VF Corp. posted strong profit and sales gains in its second quarter despite the costs associated with the planned move of the company’s headquarters and the expenses VF Corp. has incurred as it spins off of its jeans business.
In a Nutshell: In reporting upbeat quarterly results on Friday showing substantial gains in income and revenue, VF Corp. said transaction and deal-related costs tied to the planned spinoff of its jeans business—which includes the Wrangler and Lee brands—totaled roughly $53 million in the second quarter of fiscal 2019 and $72 million for the first six months of the fiscal year ending in March. VF Corp. said the figures also account for estimated losses on the sale.
Additionally, the company said it expects to incur roughly $11 million in costs in the first half of next year for the planned relocation of its global headquarters and certain brands to Denver. The new jeans company will be based at VF Corp.’s current headquarters in Greensboro, N.C.
Despite the losses, the company forecast full year fiscal 2019 revenue to increase at least 11 percent, to $13.7 billion compared to the previous expectation of revenue between $13.6 billion and $13.7 billion. The updated revenue outlook includes the negative impact of the expected divestitures of the Reef brand and Van Moer business.
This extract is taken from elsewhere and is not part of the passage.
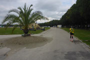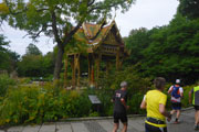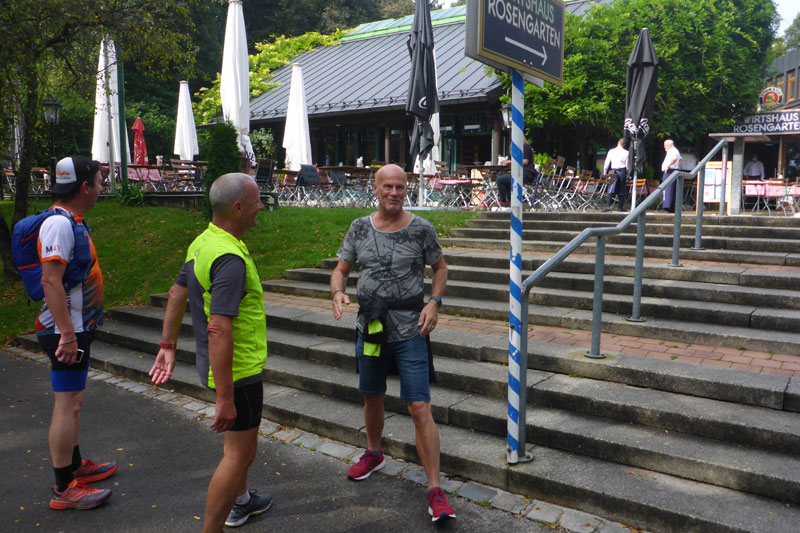 Die dritte Runde starten wir wieder als Quartett. Lediglich Judith und Andreas bleiben erwartungsgemäß etwas zurück. Im Westpark passieren wir mehrere Biergärten und so keimt bei uns die Idee eines Boxenstopps auf. Am Ende der dritten Runde soll es so weit sein. Diese Aussicht motiviert und wir kommen gut voran. Axel lässt sich etwas zurückfallen und so bilde ich gemeinsam mit Bernie und Andy das Führungstrio. Der Biergartenbesuch scheint uns aber nicht vergönnt, denn im westlichen Teil des Westparks beginnt es zunächst leicht, schließlich etwas fester zu regnen an. Wir sind bald klatschnass, was bei Temperaturen um die zwanzig Grad aber nicht unangenehm ist. Der Boxenstopp fällt dennoch ins Wasser.

By segment, revenue for Outdoor is now expected to be up between 7 percent to 8 percent versus the previous estimate of a 6 percent to 8 percent increase. Revenue for Active is now expected to increase between 14 percent and 15 percent versus the previous expectation of a 13 percent to 14 percent increase, and revenue for Work is still expected to increase more than 35 percent. Revenue for jeans is now expected to decline between 1 percent and 2 percent versus the previous revenue estimate, which was in line with the prior year.
Direct-to-consumer revenue is now projected to rise 12 percent to 14 percent versus the previous expectation of an 11 percent to 13 percent increase. Digital revenue is still expected to increase more than 30 percent.
Sales: Revenue for the second quarter ended Sept. 29 increased 15 percent, to $3.9 billion, driven by VF’s largest brands, international and direct-to-consumer platforms, and Active and Work segments. Revenue in the quarter included a $324 million revenue contribution from the Williamson-Dickie, Icebreaker and Altra acquisitions.
Active segment revenue rose 19 percent, including a 26 percent increase in Vans brand revenue. Outdoor segment revenue was up 6 percent, including a 5 percent gain in The North Face brand and 5 percent growth contribution from acquisitions.
International revenue increased 13 percent, including a 9 percent growth contribution from acquisitions. Direct-to-consumer revenue rose 19 percent, including a 6 percent point contribution from acquisitions. Digital revenue increased 48 percent, with a 17 percent contribution from acquisitions.
Earnings: Net income in the quarter rose 31 percent, to $507.12 million, compared to net income of $386.14 million in the year-ago period. Operating income in the period increased 19 percent, to $690 million, including a $40 million contribution from acquisitions. On an adjusted basis, operating income increased 19 percent, to $690 million, including a $40 million contribution from acquisitions.
Operating margin declined 10 basis points, to 16.9 percent. Adjusted operating margin increased 60 basis points, to 17.7 percent. Adjusted operating margin, excluding acquisitions, increased 100 basis points to 18.1 percent.
CEO’s Take: Steve Rendle, chairman, president and CEO, said: “VF’s second quarter results were strong, driven by our core brands, the company’s international and direct-to-consumer platforms, and our work businesses. As we move into the second half of our fiscal year, we are confident in our growth engines as evidenced by the increase in both our dividend and full year outlook. We continue to invest behind our strategic growth priorities and the actions we are taking continue to advance our journey toward transforming VF into a purpose-led, performance-driven, consumer centric organization focused on and committed to delivering superior returns to shareholders.”